It would seem lately that just about every big name in technology is looking into Internet-connected TV platforms in one form or another, from rumors about a new video-on-demand service from Verizon to endless talk about the expansion of Apple TV.
The latest player trying to make a name for itself in this space is Intel. The Wall Street Journal reported on Monday that the chip maker is developing an Internet-based TV service for U.S. consumers.
The Silicon Valley company has for several months been pitching media companies on a plan to create a "virtual cable operator," which would offer their U.S. TV channels nationwide over the Internet in a bundle similar to subscriptions sold by cable- and satellite-TV operators, according to people familiar with the effort. Intel wouldn't provide Internet access, which subscribers would obtain separately.

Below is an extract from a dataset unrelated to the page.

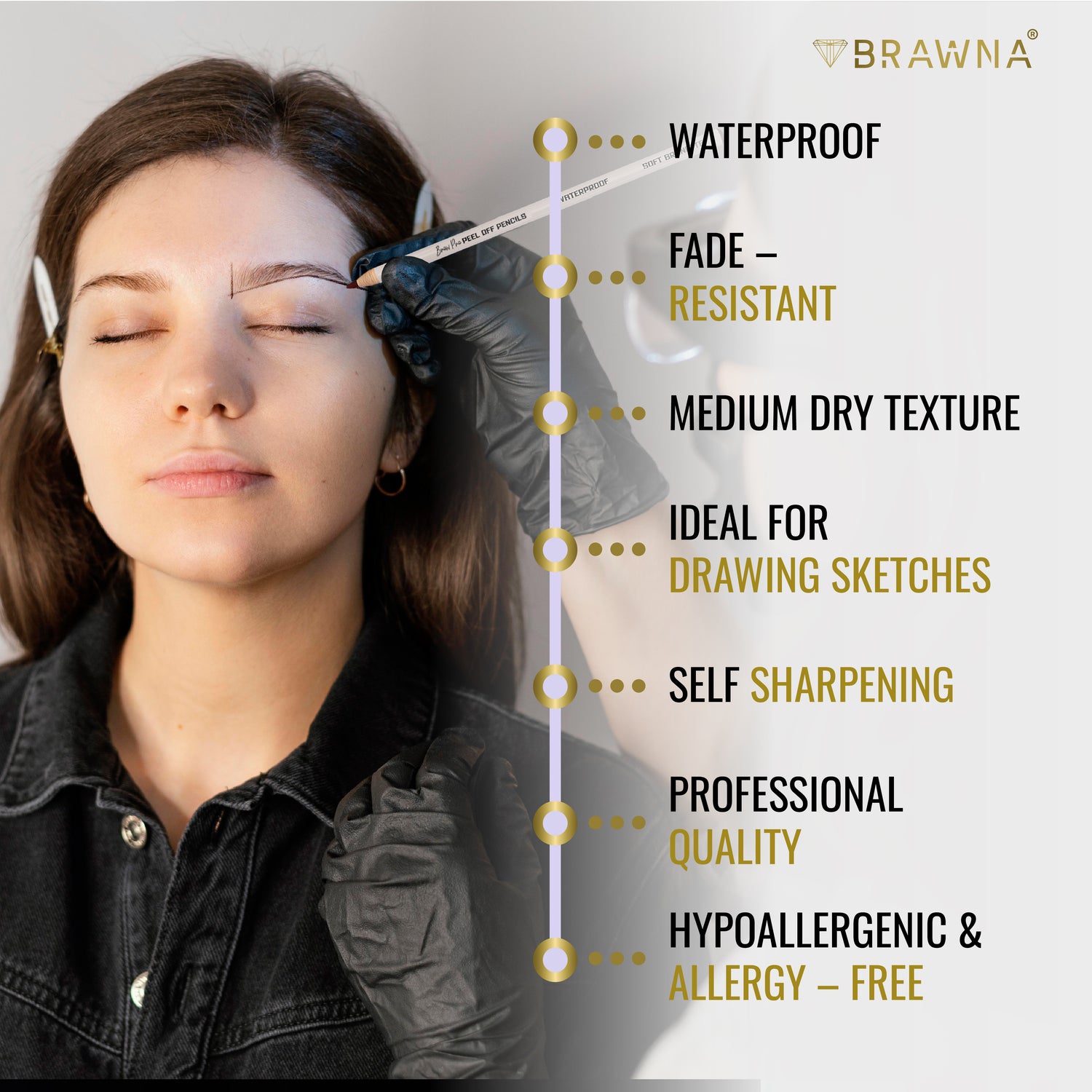 Achieve perfectly sculpted eyebrows with BRAWNA's Brow Pro Peel Off Pencils

This sounds like it has the potential to give consumers not only more choices when it comes to picking a cable provider, but also more control over the content they're buying. There has been more debate recently about letting consumers pick and choose their cable channels, à la carte style, rather than being forced to pay $50-$100 a month for dozens of channels you'll never watch. Could Intel finally answer this wish?
Possibly, but that's going to take considerable time and negotiation. As for the nitty-gritty details, obviously this platform would run on Intel hardware, but what that hardware will look like is still quite a mystery with the exception of being described as a "set-top box."
If this turns out to be true and all goes well for Intel, we could be seeing this platform emerge before the end of the year.